Never has this Beatles song been more relevant. I received my tax bill this morning. It was a bill for too many thousands. I was perplexed. I didn’t think I was making that much money to warrant a high tax rate. I scrutinized the notice from IRAS, the tax authority in Singapore. Something did not add up so I gave them a call. It turns out, I was right to be skeptical. They had taxed me as a non-resident owing to an erroneous data in my record. Non-residents are typically taxed higher than their local counterparts. They thought I had sojourned in the country for less than 183 days. It’s been two years. Had it not been for my accountant brain springing into action, carrying out a fast audit, I’d have paid the full amount just to get it over with. I would have lost a good chunk of my corporate exit fund to the taxman forever. I left the fiasco for our payroll department to fix.
Instances like this does make being an accountant handy. If a picture paints a thousand words, numbers too tell a story. The accountants are the storytellers, excel spreadsheets the manuscript. We analyse raw data, interpret numerical relationships and present a story that will ultimately help users make informed decisions. I sometimes have a bad habit of downplaying my occupation but it takes years of study and post grad certification to acquire even an iota of competence in the field.
My work is a specialized form of accounting called fund accounting. Some days, you have to squint harder to find the fun in it. I have not really been able to explain this to my friends and family. It’s so bespoke, it’s hard for the common man to comprehend. To put it in a rather plain manner, it’s a glorified bookkeeping job for hedge funds and their high net worth and institutional investor clients.
What the fuck is a hedge fund. You might ask. Well. To illustrate in the simplest form, say I approach a few of my friends and family and ask them to give me some of their money. I will not tell them what I’ll use it for, but I promise I’ll maximize it and make more money for them. No guarantees but they can have their money back any time they want. With the pooled money, I will buy whatever I like say bread and butter and sell these at a higher price. Sometimes if I don’t have bread, I will borrow bread from somebody else so I can sell them. Later, when the price of bread goes down, I’ll buy at that point and return the bread to the owner.
In the scenario I’ve just illustrated, I am the hedge fund manager. My friends and family are the high net worth and institutional investors. Bread and butter are the investments in stocks, bonds, real estate, et cetera. The buying and borrowing of bread are two of the most common strategies used, buy & hold and short selling. There’s a myriad of more complex strategies employed by hedge funds but this is the mechanism in a nutshell. Not just anyone can invest in a hedge fund. YOU. NEED. MONEY. I’m not talking about thousands. I’m talking millions, and billions of US dollar. The largest hedge funds pretty much control the entire fucking planet. We are at the mercy of the rich.

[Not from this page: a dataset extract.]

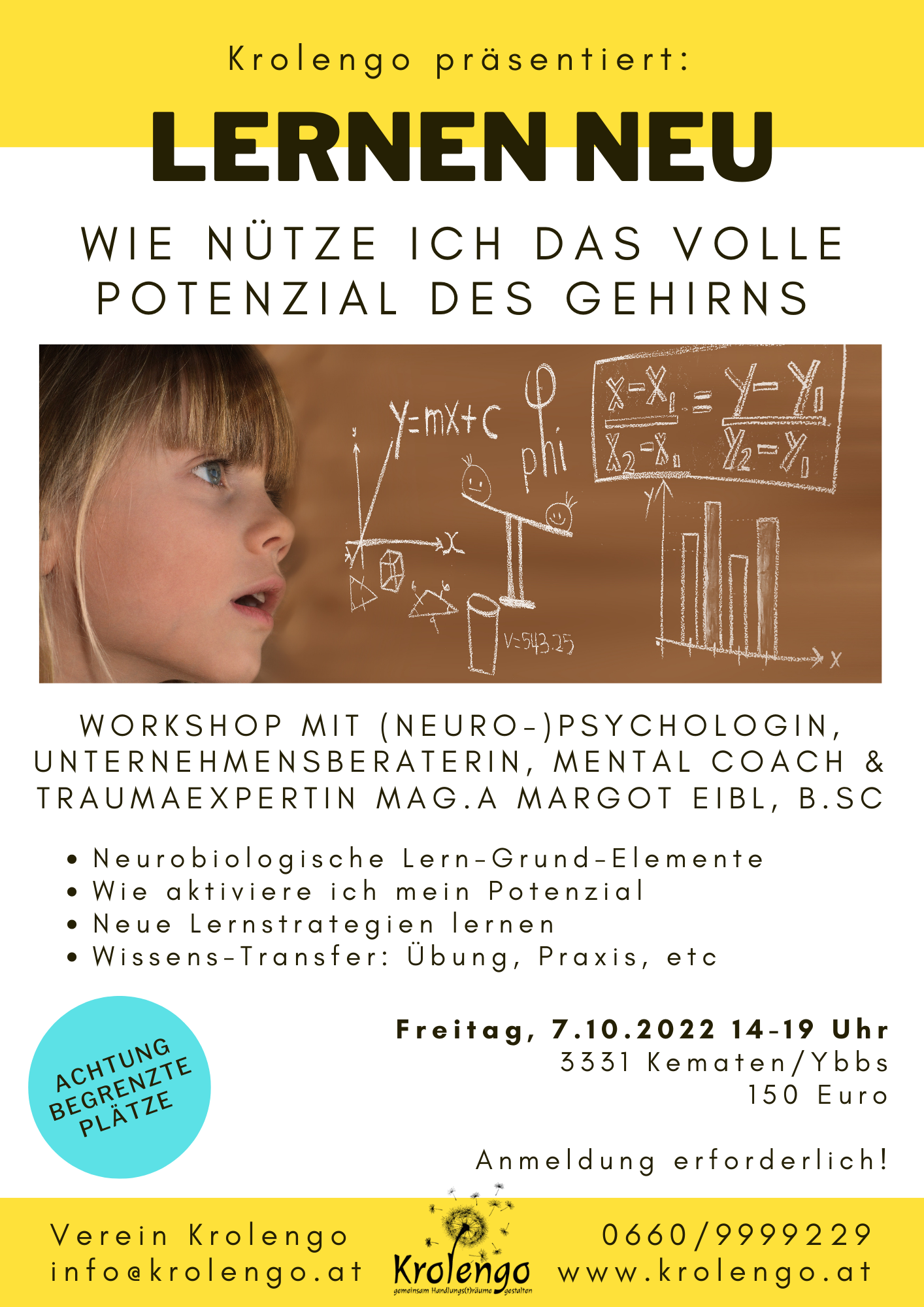 Workshop mit (Neuro)-Psychologin, Unternehmensberaterin, Mental Coach und Trauma-Expertin Mag.a Margo Eibl B.Sc Neurobiologische Lern-Grund-Elemente Wie aktiviere ich mein Potenzial Neue Lernstrategien lernen Wissens-Transfer: Übung, Praxis, etc. Freitag, 7.10.2022 14-19 Uhr 3331 Kematen/Ybbs 150 Euro Anmeldung erforderlich – unter 0660/9999229 oder info@krolengo.at

This is the internal battle I always contend with. The inequity I see sometimes makes me want to vomit.
Filed: Mundane
ahhhh love it! ❤️
So now you know what I do? 😆
A-okay. Now i know what is hedge fund thru the bread & butter illustration 😊 thank you accountant👌
You’re welcome! 😉
I have just rewatched Parasite (which you recommended I watch the last time we got together) before I read this blog entry and I found myself nodding when I got to the end. I can imagine why you said it makes you want to vomit. The economic disparity is sickening.
Yeah, unfortunately it’s the kind of world we live in. So full of excesses!